Institute for Medical Microbiology, Immunology and Hygiene, Technische Universität München, Munich, Germany.
PLoS Pathog. 2011 Sep;7(9):e1002283. doi: 10.1371/journal.ppat.1002283. Epub 2011 Sep 29.
Chlamydiae are obligate intracellular bacteria that propagate in a cytosolic vacuole. Recent work has shown that growth of Chlamydia induces the fragmentation of the Golgi apparatus (GA) into ministacks, which facilitates the acquisition of host lipids into the growing inclusion. GA fragmentation results from infection-associated cleavage of the integral GA protein, golgin-84. Golgin-84-cleavage, GA fragmentation and growth of Chlamydia trachomatis can be blocked by the peptide inhibitor WEHD-fmk. Here we identify the bacterial protease chlamydial protease-like activity factor (CPAF) as the factor mediating cleavage of golgin-84 and as the target of WEHD-fmk-inhibition. WEHD-fmk blocked cleavage of golgin-84 as well as cleavage of known CPAF targets during infection with C. trachomatis and C. pneumoniae. The same effect was seen when active CPAF was expressed in non-infected cells and in a cell-free system. Ectopic expression of active CPAF in non-infected cells was sufficient for GA fragmentation. GA fragmentation required the small GTPases Rab6 and Rab11 downstream of CPAF-activity.
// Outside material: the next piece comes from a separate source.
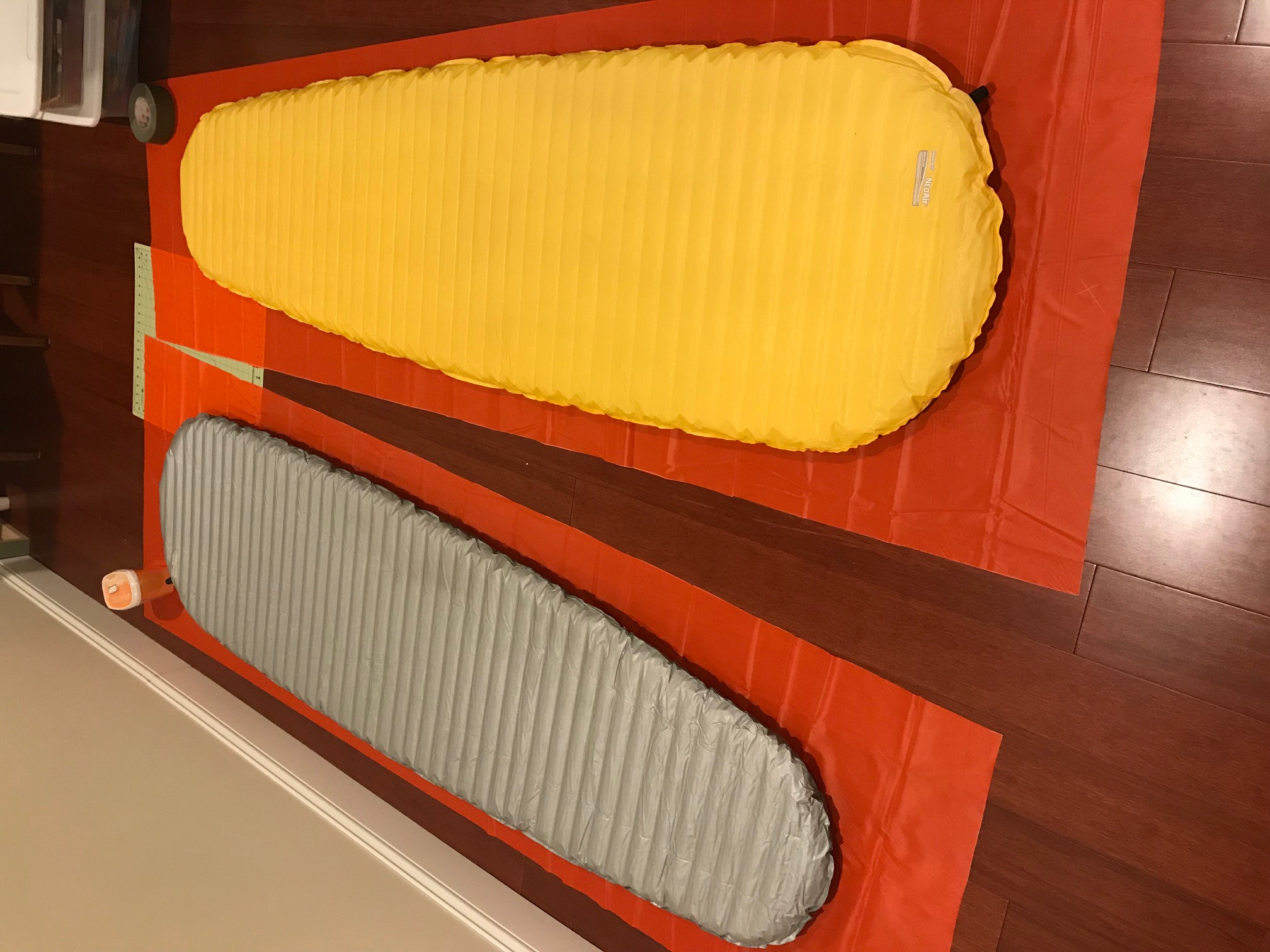 I cut my fabric to 8' length, then cut a diagonal to make two mattress footprints. Sewed a rolled hem along the edges, then tacked a 5" loop of grosgrain at each corner for a tie down. I added two additional tie downs 10" from the bottom, so I can roll up the footprint to prevent the mattress from sliding on a gentle slope.

These results define CPAF as the first protein that is essential for replication of Chlamydia. We suggest that this role makes CPAF a potential anti-infective therapeutic target.
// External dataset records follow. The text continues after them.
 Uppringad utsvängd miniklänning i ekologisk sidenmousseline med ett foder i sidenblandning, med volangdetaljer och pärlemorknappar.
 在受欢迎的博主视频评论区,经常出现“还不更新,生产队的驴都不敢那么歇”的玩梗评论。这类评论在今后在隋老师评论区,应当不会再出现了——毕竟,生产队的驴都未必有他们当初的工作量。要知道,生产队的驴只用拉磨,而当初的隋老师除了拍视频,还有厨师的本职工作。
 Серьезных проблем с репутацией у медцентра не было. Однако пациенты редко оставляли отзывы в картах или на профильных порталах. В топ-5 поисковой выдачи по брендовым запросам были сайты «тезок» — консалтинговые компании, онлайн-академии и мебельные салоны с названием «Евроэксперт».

衣原体是一种专性细胞内细菌,在细胞质空泡中繁殖。最近的研究表明,衣原体的生长诱导高尔基体(GA)碎片化成小堆栈,这有利于将宿主脂质摄取到正在生长的包涵体中。GA 碎片化是由与感染相关的完整 GA 蛋白,即 golgin-84 的切割引起的。衣原体属蛋白样活性因子(CPAF)可阻断衣原体内切酶、GA 碎片化和沙眼衣原体的生长。我们在这里鉴定出细菌蛋白酶,作为介导 golgin-84 切割的因子,也是 WEHD-fmk 抑制的靶标。WEHD-fmk 阻断了沙眼衣原体和肺炎衣原体感染过程中 golgin-84 的切割以及已知的 CPAF 靶标的切割。当在非感染细胞中和无细胞系统中表达活性 CPAF 时,也观察到相同的效果。在非感染细胞中异位表达活性 CPAF 足以导致 GA 碎片化。GA 碎片化需要 CPAF 活性下游的小 GTPases Rab6 和 Rab11。这些结果将 CPAF 定义为第一个对衣原体复制至关重要的蛋白质。我们认为,这一作用使 CPAF 成为一种有潜力的抗感染治疗靶点。